Rothbard (1983a, p. 142) in The Ethics of Liberty gives two examples of fraud, both involving blatant misrepresentations (in one, “A sells B a package which A says contains a radio, and it contains only a pile of scrap metal”). He concludes that “if the entity is not as the seller describes, then fraud and hence implicit theft has taken place.” The consistent application of this view to banking would find that it is fraudulent for a bank to hold fractional reserves if and only if the bank misrepresents itself as holding 100percent reserves, or if the contract expressly calls for the holding of 100 percent reserves.’ If a bank does not represent or expressly oblige itself to hold 100 percent reserves, then fractional reserves do not violate the contractual agreement between the bank and its customer (White 1989, pp. 156-57). (Failure in practice to satisfy a redemption request that the bank is contractually obligated to satisfy does of course constitute a breach of contract.) Outlawing voluntary contractual arrangements that permit fractional reserve-holding is thus an intervention into the market, a restriction on the freedom of contract which is an essential aspect of private property rights.”

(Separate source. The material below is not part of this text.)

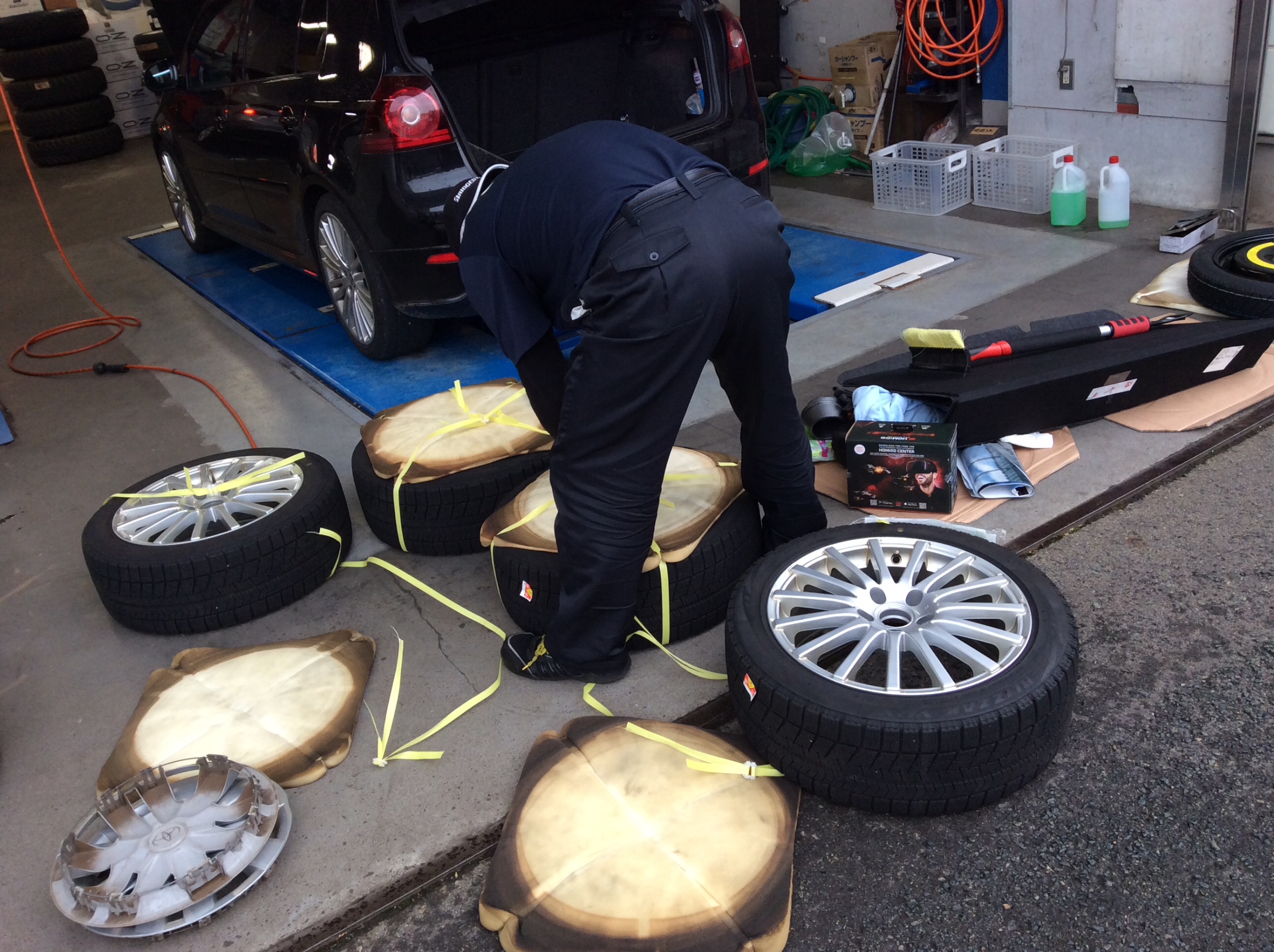タイヤクロークの春に洗って保管しておいたタイヤは、梱包をほどいて取り付けにかかります。

Another thing that really is upsetting to me is Rothbard’s claim that Austrian business cycle theory (ABCT) is a general theory. That is a ludicrous claim in my view. Rothbard style ABCT is no way a general theory. First of all it basically describes a closed economy as it is said that monetary policy easing will push down interest rates below the “natural” interest rates (sorry Bill, Scott and David but I think the idea of a natural interest rates is more less useless). But what determines the interest rates in a small open economy like Denmark or Sweden? And why the hell do Austrians keep on talking about the interest rate? By the way interest rates is not the price of money so what do interest rates and monetary easing have to do with each other? Anyway, another thing that mean that ABCT certainly not is a general theory is the explicit assumption in ABCT – particularly in the Rothbardian version – that money enters the economy via the banking sector. I wonder what Rothbard would have said about the hyperinflation in Zimbabwe. I certainly don’t think we can blame fractional reserve banking for the hyperinflation in Zimbabwe.

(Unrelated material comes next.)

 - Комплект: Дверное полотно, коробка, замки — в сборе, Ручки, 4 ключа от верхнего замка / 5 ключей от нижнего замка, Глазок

Anyway, I just needed to get this out so I can get on with writing the article that I promised would be done yesterday!

PS Dear GMU style Austrians – you know I am not talking about you. Clever Austrians like Steve Horwitz would of course not argue against fractional reserve banking and I am sure that he thinks that Friedman’s and Schwartz’s account of the Great Depression makes more sense than “America’s Great Depression”.

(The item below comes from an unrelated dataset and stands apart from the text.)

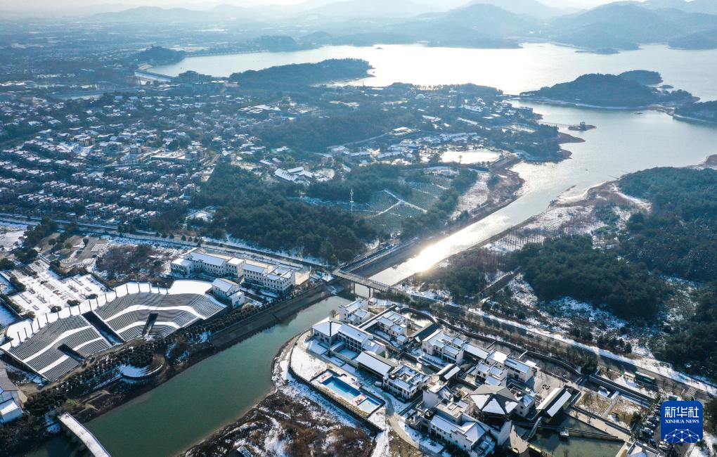 常州市溧阳市天目湖方所文化村景色(2023年12月24日摄,无人机照片)。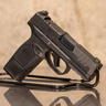 The polymer frame uses ergonomic texturing and a streamlined control layout, including a reversible magazine release. The striker fired action provides consistent trigger operation, and the grip geometry supports full capacity magazines in a compact footprint. This configuration balances size, capacity, and adaptability for carry or general use. No optics cover plated included.

PPS not everything Rothbard claims in “America’s Great Depression” is wrong – only his monetary theory and its application to the Great Depression. To quote Selgin again: “To add to the record, I had the privilege of getting to know both Murray and Milton. Like most people who encountered him while in their “Austrian” phase, I found Murray a blast, not the least because of his contempt for non-Misesians of all kinds. Milton, though, was exceedingly gracious and generous to me even back when I really was a self-styled Austrian. For that reason Milton will always seem to me the bigger man, as well as the better monetary economist.”

PPPS David Glasner also have a post discussing the Austrian school’s view of the Great Depression.

Update: Steve Horwitz has a excellent comment on this post over at Coordination Problem and Peter Boettke – also at CP – raises some interesting institutional questions concerning monetary policy and is asking the question whether Market Monetarists have been thinking about these issues (We have!).